*Problem:* With the pictures left out, retype exactly the lines below starting at the line that contains "8위는 AB6IX의 박우진, 9위는" and ending at the line that contains "A whimsical cartoon".

*Exercise data:*

+--

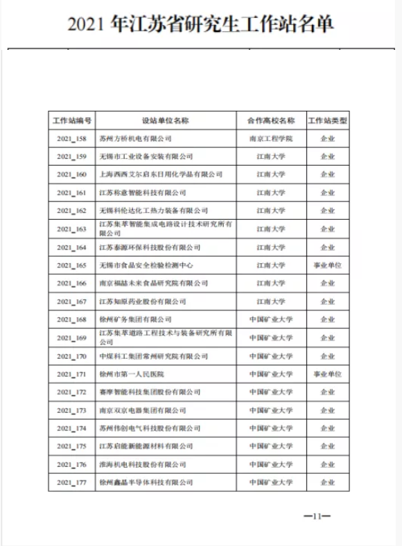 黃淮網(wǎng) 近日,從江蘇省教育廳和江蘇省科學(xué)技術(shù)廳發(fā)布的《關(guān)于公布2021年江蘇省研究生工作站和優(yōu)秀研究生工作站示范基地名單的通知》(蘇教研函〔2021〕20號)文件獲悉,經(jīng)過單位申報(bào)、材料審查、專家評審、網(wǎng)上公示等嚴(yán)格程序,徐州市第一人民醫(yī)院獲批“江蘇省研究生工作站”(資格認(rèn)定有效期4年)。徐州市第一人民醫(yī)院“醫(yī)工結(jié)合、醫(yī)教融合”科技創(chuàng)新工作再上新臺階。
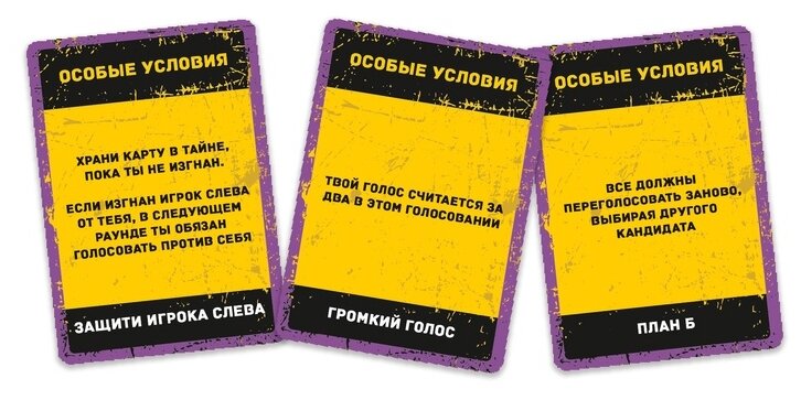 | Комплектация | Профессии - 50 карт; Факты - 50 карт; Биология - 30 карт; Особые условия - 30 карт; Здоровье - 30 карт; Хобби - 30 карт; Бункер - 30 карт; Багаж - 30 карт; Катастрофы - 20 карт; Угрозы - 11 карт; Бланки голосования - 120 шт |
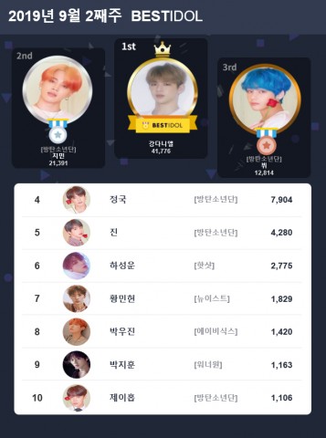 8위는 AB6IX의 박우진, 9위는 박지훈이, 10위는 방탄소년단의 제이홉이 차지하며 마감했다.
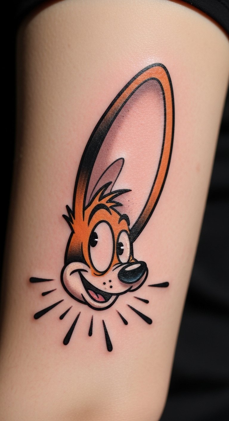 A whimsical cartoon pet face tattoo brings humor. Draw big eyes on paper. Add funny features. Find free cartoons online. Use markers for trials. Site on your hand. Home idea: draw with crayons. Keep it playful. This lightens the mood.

+--

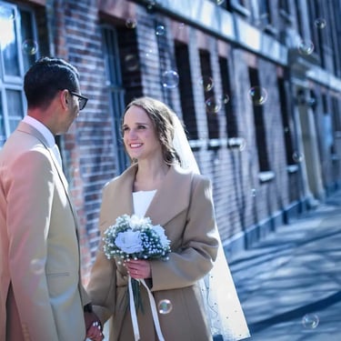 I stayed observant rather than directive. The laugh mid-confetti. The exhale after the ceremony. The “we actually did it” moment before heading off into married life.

+--

*Written solution:*
 8위는 AB6IX의 박우진, 9위는 박지훈이, 10위는 방탄소년단의 제이홉이 차지하며 마감했다.
 A whimsical cartoon pet face tattoo brings humor. Draw big eyes on paper. Add funny features. Find free cartoons online. Use markers for trials. Site on your hand. Home idea: draw with crayons. Keep it playful. This lightens the mood.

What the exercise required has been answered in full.